(Records from a data collection)
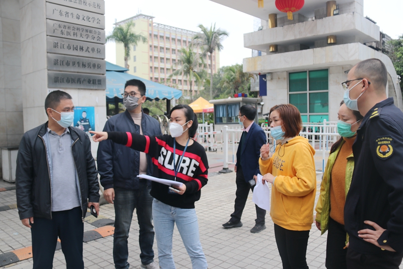 2月7日下午,湛江市霞山区人大常委会委员、城乡建设环境与资源保护工委主任、创文办副主任陈东,新园街道书记李纪发与区创文办督导组一行到湛江校区督导创文迎检工作。
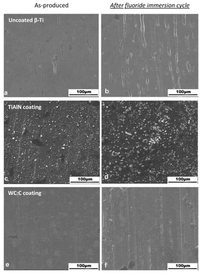 - Krishnan, V.; Krishnan, A.; Remya, R.; Ravikumar, K.; Nair, S.A.; Shibli, S.; Varma, H.; Sukumaran, K.; Kumar, K.J. Development and evaluation of two PVD-coated β-titanium orthodontic archwires for fluoride-induced corrosion protection. Acta Biomater. 2011, 7, 1913–1927. [Google Scholar] [CrossRef]
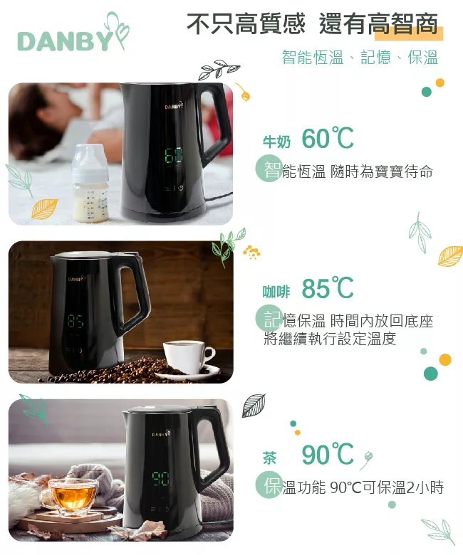 伊萊克斯 1.7L智能溫控電茶壺E5EK1-51ST
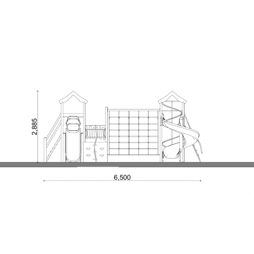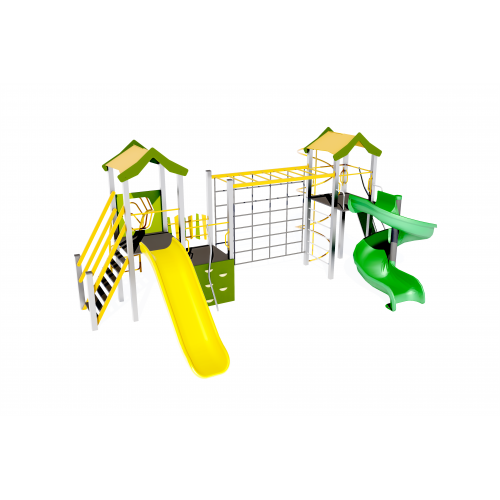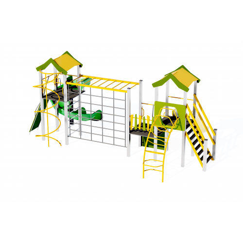 • Комплекс має металеві перила виготовлені з труби 30х20*2, 20х20*2, обмежувальні трубки Ду20*2,8, сітки з армованого канату 16 мм.
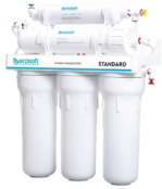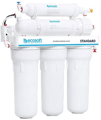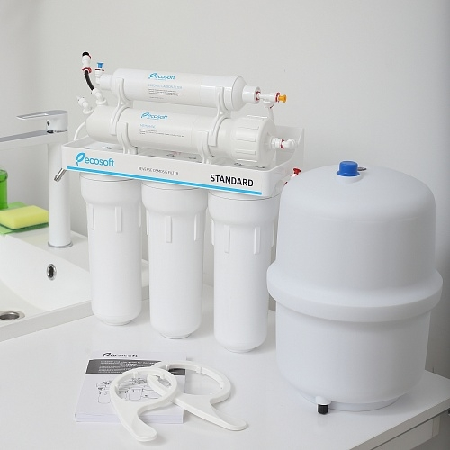 Система фільтрації води Ecosoft Standard заснована на принципі зворотного осмосу, коли вода пропускається через мембрану і відсіює 99,8% вірусів, бактерій та інших домішок. Комплекс очищення складається з системи попереднього очищення, що складається з трьох окремих фільтрів, вугільного фільтра та самої мембрани. Усі фільтри встановлені на спеціальній монтажній підставці, яку можна прикрутити до стіни або шафки під кухонною мийкою. Додатково в комплекті іде накопичувальний бак, в якому зберігається резервний запас 7л очищеної води. Завдяки додатковому баку ви отримуєте гарний тиск фільтрованої води для наповнення каструль та чайників, без тривалого очікування. Також в комплекті присутні всі необхідні трубки і фітинги для встановлення.
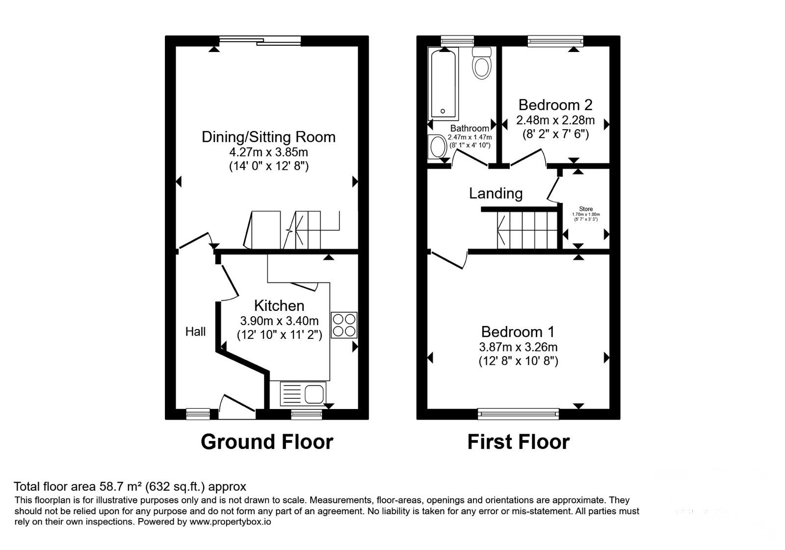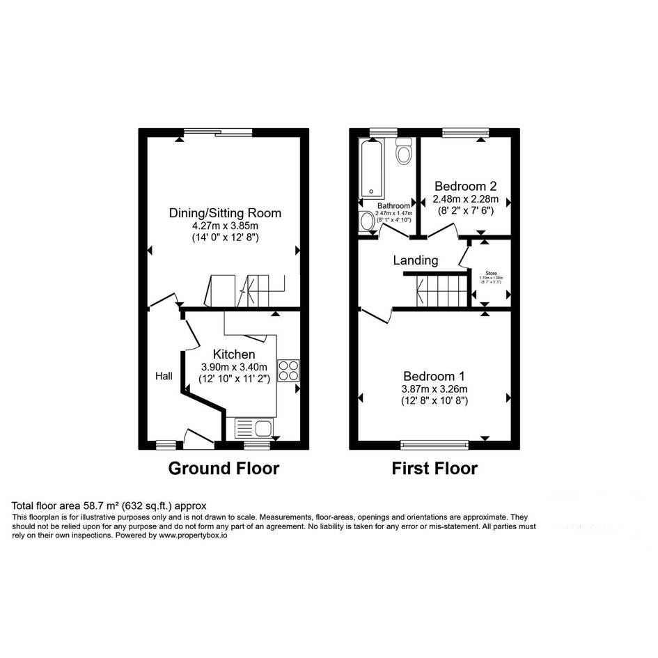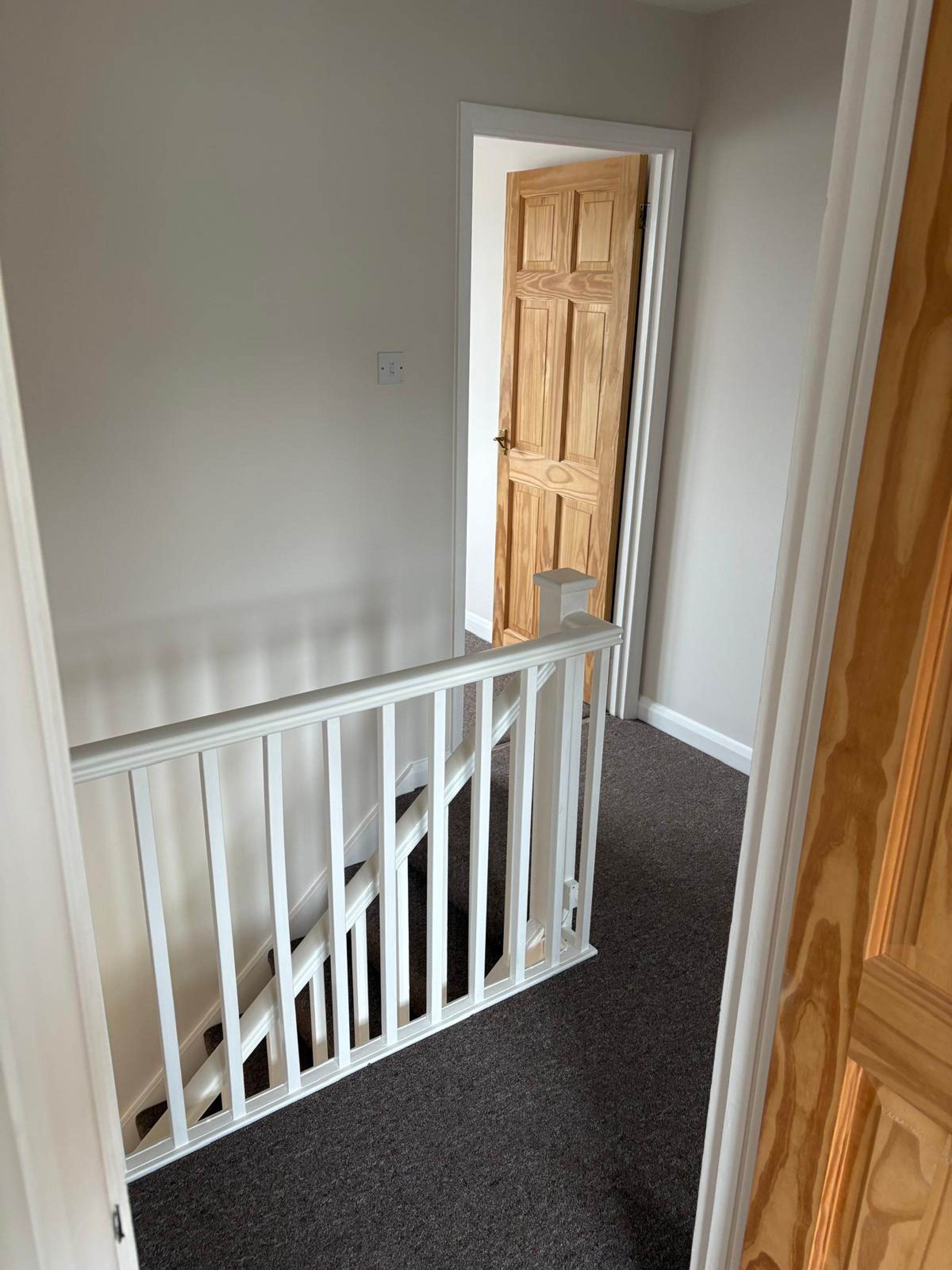 Upstairs, a spacious landing provides access to a generous storage cupboard. There are two bedrooms: a well‑proportioned double and a comfortable single. The family bathroom includes a three‑piece suite with a shower over the bath.
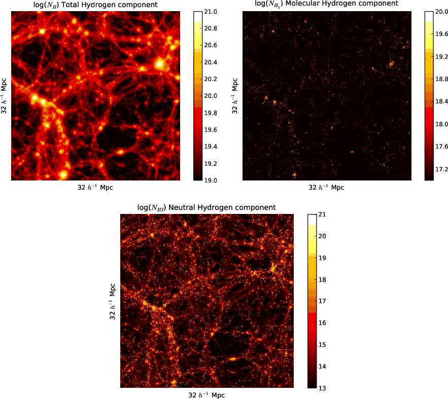 Methods. Beginning with a 32 h-1 Mpc simulation, we extract the neutral hydrogen component by determining the neutral fraction, including a post-processed correction for self-shielding based on the thermal pressure. We take molecular hydrogen into account, assuming an average density ratio
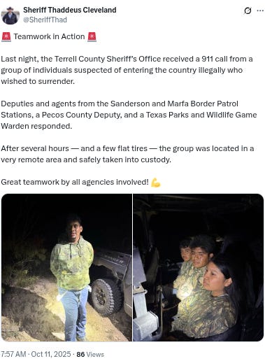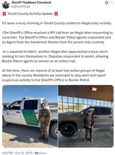 The night before, the Terrell County Sheriff’s Office, along with lawmen from three other federal, state, and local law enforcement agencies, spent hours responding to another 911 call from illegal aliens requesting rescue from a highly remote area:
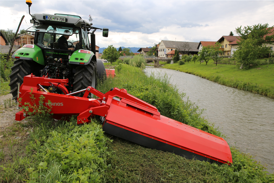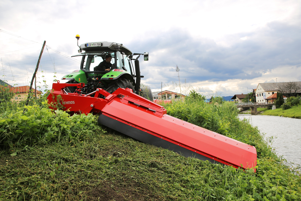 Stroj je ideální pro práci ve svahu (podél komunikací, příkopů, vodních toků…) se sklonem +90°/-60°, díky robustnému paralelogramu.
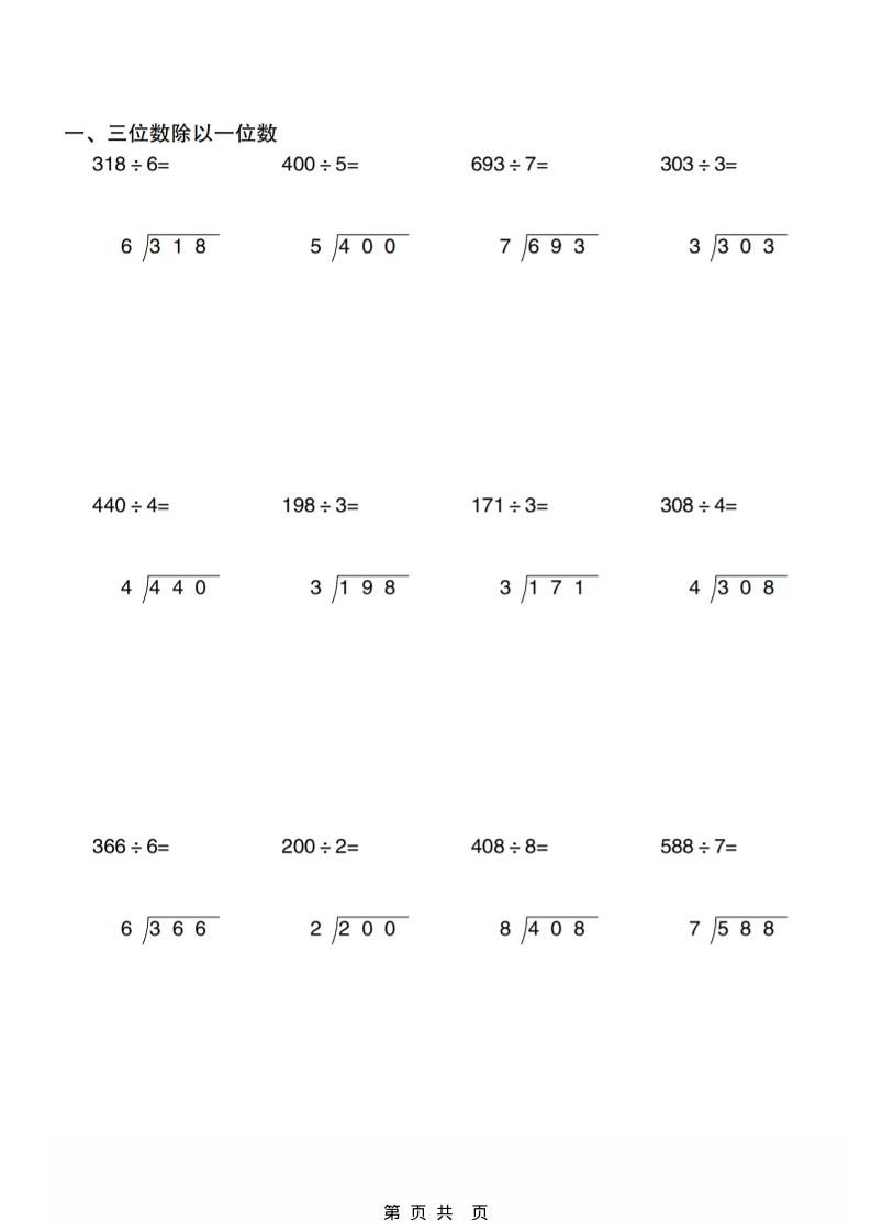 三年级下数学除数是一位数的的除法竖式专项训练-独家科技资源网
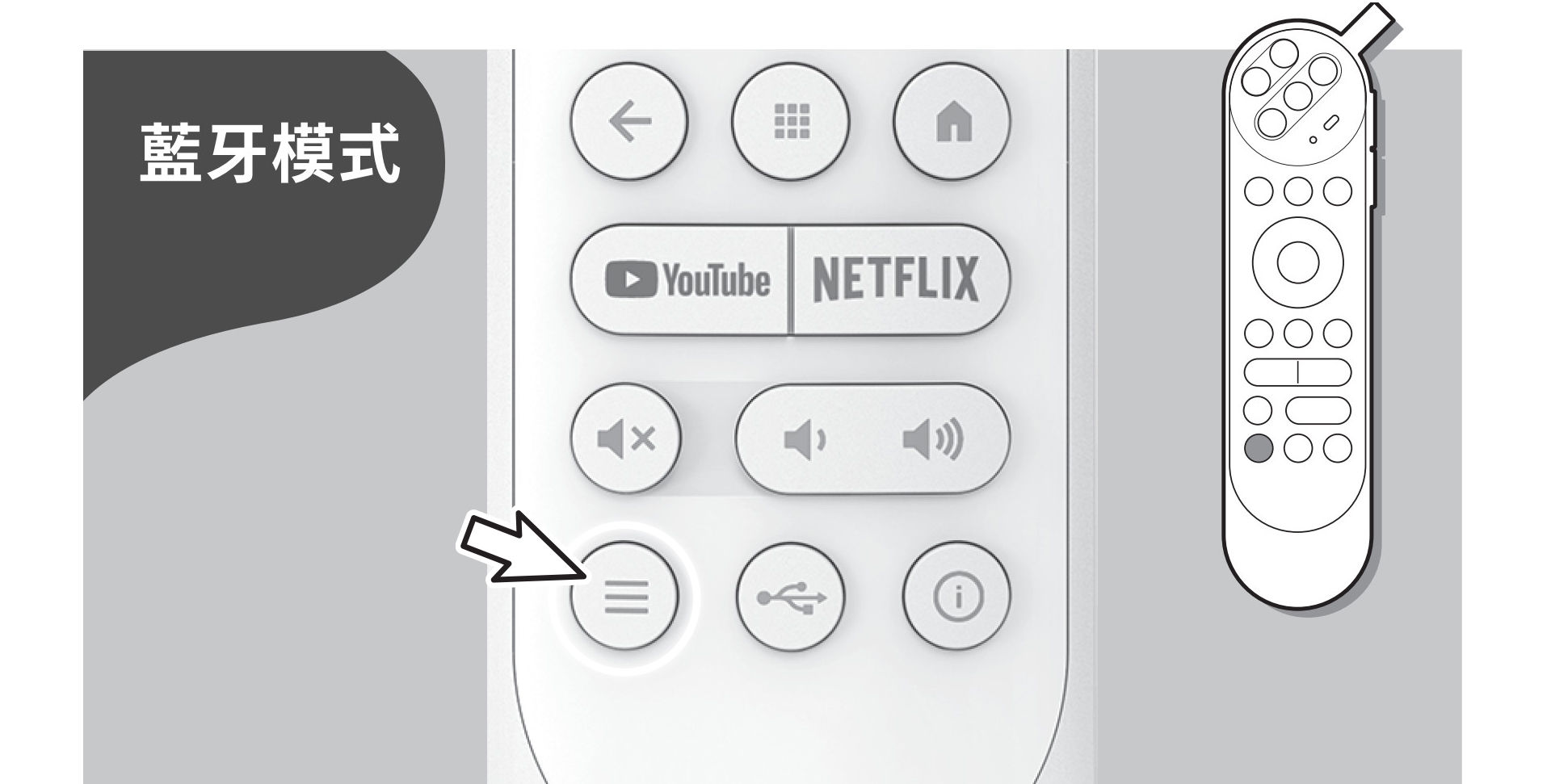 • 在藍牙配對畫面或功能選單下的遙控器與配件選單中,長按【目錄】鍵 3 秒可啟動藍牙配對連接。
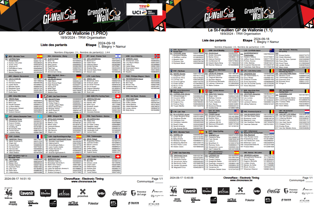 Le mercredi 18 septembre, les amateurs de compétitions seront une nouvelle fois aux anges. Deux épreuves de haut niveau ont lieu en Région Wallonne. Le « TRW ORGANISATION » propose : « SAINT-FEUILLIEN – GP DE WALLONIE » pour les dames et « GP DE WALLONIE » pour les ELITES.
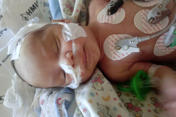 “Levamos ele no Hospital Centenário onde chegou com 44 de saturação, quase morto. Foi internado e botaram ele no oxigênio, mas não havia vaga para ele na UTI.” Um teste de Covid-19 realizado no bebê deu negativo. Ele foi encaminhado para o Presidente Vargas onde foi diagnosticado com vírus sincicial respiratório (VSR) e bronquelite, foi colocado no aparelho respiratório SiPAP e está fazendo tratamento com injeções e antibiótico, além de se alimentar com sonda.
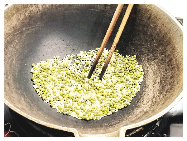 用小火将大米和绿豆炒熟。
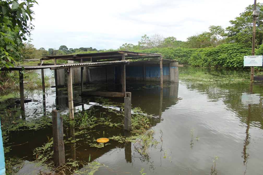 Estrutura de campo de futebol alagada pela água de canal ligado ao rio Madeira, em bairro da região central de Porto Velho. — Foto: Pedro Bentes/G1

What you are asked to do: Return the data exactly as it stands, minus the pictures.

Answer to the exercise:
 2月7日下午,湛江市霞山区人大常委会委员、城乡建设环境与资源保护工委主任、创文办副主任陈东,新园街道书记李纪发与区创文办督导组一行到湛江校区督导创文迎检工作。
 - Krishnan, V.; Krishnan, A.; Remya, R.; Ravikumar, K.; Nair, S.A.; Shibli, S.; Varma, H.; Sukumaran, K.; Kumar, K.J. Development and evaluation of two PVD-coated β-titanium orthodontic archwires for fluoride-induced corrosion protection. Acta Biomater. 2011, 7, 1913–1927. [Google Scholar] [CrossRef]
 伊萊克斯 1.7L智能溫控電茶壺E5EK1-51ST
 • Комплекс має металеві перила виготовлені з труби 30х20*2, 20х20*2, обмежувальні трубки Ду20*2,8, сітки з армованого канату 16 мм.
 Система фільтрації води Ecosoft Standard заснована на принципі зворотного осмосу, коли вода пропускається через мембрану і відсіює 99,8% вірусів, бактерій та інших домішок. Комплекс очищення складається з системи попереднього очищення, що складається з трьох окремих фільтрів, вугільного фільтра та самої мембрани. Усі фільтри встановлені на спеціальній монтажній підставці, яку можна прикрутити до стіни або шафки під кухонною мийкою. Додатково в комплекті іде накопичувальний бак, в якому зберігається резервний запас 7л очищеної води. Завдяки додатковому баку ви отримуєте гарний тиск фільтрованої води для наповнення каструль та чайників, без тривалого очікування. Також в комплекті присутні всі необхідні трубки і фітинги для встановлення.
 Upstairs, a spacious landing provides access to a generous storage cupboard. There are two bedrooms: a well‑proportioned double and a comfortable single. The family bathroom includes a three‑piece suite with a shower over the bath.
 Methods. Beginning with a 32 h-1 Mpc simulation, we extract the neutral hydrogen component by determining the neutral fraction, including a post-processed correction for self-shielding based on the thermal pressure. We take molecular hydrogen into account, assuming an average density ratio
 The night before, the Terrell County Sheriff’s Office, along with lawmen from three other federal, state, and local law enforcement agencies, spent hours responding to another 911 call from illegal aliens requesting rescue from a highly remote area:
 Stroj je ideální pro práci ve svahu (podél komunikací, příkopů, vodních toků…) se sklonem +90°/-60°, díky robustnému paralelogramu.
 三年级下数学除数是一位数的的除法竖式专项训练-独家科技资源网
 • 在藍牙配對畫面或功能選單下的遙控器與配件選單中,長按【目錄】鍵 3 秒可啟動藍牙配對連接。
 Le mercredi 18 septembre, les amateurs de compétitions seront une nouvelle fois aux anges. Deux épreuves de haut niveau ont lieu en Région Wallonne. Le « TRW ORGANISATION » propose : « SAINT-FEUILLIEN – GP DE WALLONIE » pour les dames et « GP DE WALLONIE » pour les ELITES.
 “Levamos ele no Hospital Centenário onde chegou com 44 de saturação, quase morto. Foi internado e botaram ele no oxigênio, mas não havia vaga para ele na UTI.” Um teste de Covid-19 realizado no bebê deu negativo. Ele foi encaminhado para o Presidente Vargas onde foi diagnosticado com vírus sincicial respiratório (VSR) e bronquelite, foi colocado no aparelho respiratório SiPAP e está fazendo tratamento com injeções e antibiótico, além de se alimentar com sonda.
 用小火将大米和绿豆炒熟。
 Estrutura de campo de futebol alagada pela água de canal ligado ao rio Madeira, em bairro da região central de Porto Velho. — Foto: Pedro Bentes/G1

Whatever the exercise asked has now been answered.